# My Halloween Collection



## Goblin (Jun 3, 2009)

This is stuff I have collected over the years. Sorry about the blurred pictures
it's my sister's camera. Some of the pieces are 25 years old or more.


----------



## morbidmike (Sep 11, 2009)

very cool goblin nostalgic halloween stuff is cool... is that an elvira figure above the orange witch bag??


----------



## RoxyBlue (Oct 6, 2008)

Are you sure the blurring is not from the camera holder?

I really like the vintage look of these pieces (although I'm not sure Elvira would be considered "vintage"). It makes me think of an old country store or antique shop.


----------



## stick (Jan 21, 2009)

Some good looking stuff there Goblin.


----------



## Goblin (Jun 3, 2009)

morbid mike said:


> very cool goblin nostalgic halloween stuff is cool... is that an elvira figure above the orange witch bag??
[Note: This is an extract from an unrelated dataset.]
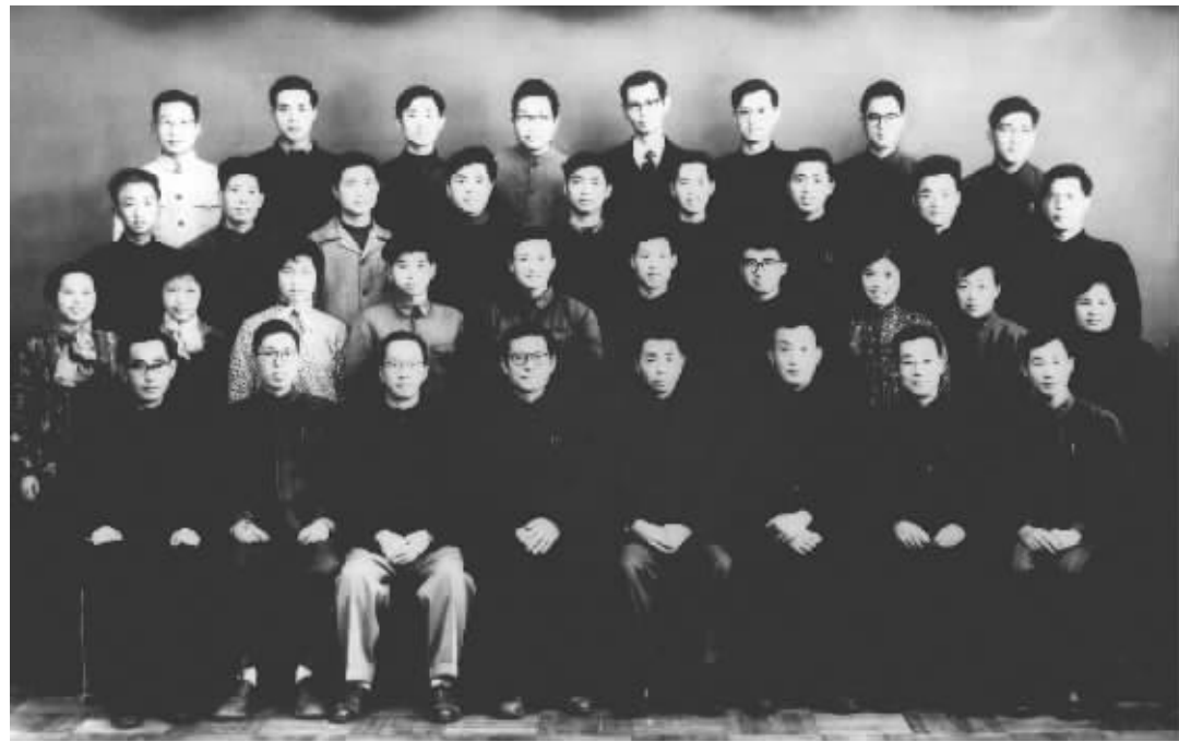
▲ 1963年3月,江泽民同志(前排右五)在上海同小型三相异步电机全国统一系列设计领导小组成员合影。

Yes it is. Ordered another one but they canceled it, something about not
shipping just yet.


----------



## scourge999 (May 4, 2008)

Very cool collection Goblin. Orange and black are my favorite colors, lol. Is that a Creature from the Black Lagoon model bottom right in the 3rd picture?


----------



## Haunted Bayou (Feb 16, 2007)

I have that same "boo" candle. I have had it for over 20 years.


----------



## Howlinmadjack (Jul 20, 2009)

Sweet collection Goblin, I had some really cool halloween memorbilia about fifteen years ago that my mom left me, but unfotunately, hurricane Andrew wiped out all my possesions. I love the classic monsters collection in the third picture!!


----------



## Joiseygal (Sep 3, 2008)

Very nice collection Goblin. I can tell you take great pride in your display.


----------



## Dr Morbius (Sep 21, 2004)

Very nice display! I wonder about the Panda though...what is it's significance?


----------



## Goblin (Jun 3, 2009)

Thanks everyone. I have the full collection of the Universal Monster, including King
Kong and Godzilla. I hve recently got a model kit from the original War of the Worlds
complete with lazer beam. I am putting it together now. Don't know where the panda came from......maybe one of the kids set it there.


----------



## kprimm (Mar 14, 2009)

Nice collection,i love all the old nostalgic halloween stuff. I really like the old ben cooper and collegeville costumes,and i want to get my hands on a wowee witch whistle. I really like the old beistle decorations and the old blow mold stuff also.


----------



## fick209 (Aug 31, 2009)

I like the Panda Very cool stuff Goblin, excellent collection you have going!


----------



## Goblin (Jun 3, 2009)

I also have a two boxes of Halloween cards I have collected over the years. Some were bought, some were sent to me by friends and family.


----------



## scareme (Aug 29, 2006)

Very nice collection Goblin. I wish I had kept alot more of my things.


----------



## ScreamingScarecrow (Oct 1, 2008)

Nice! I wouldn't mind getting into a micro halloween display.


----------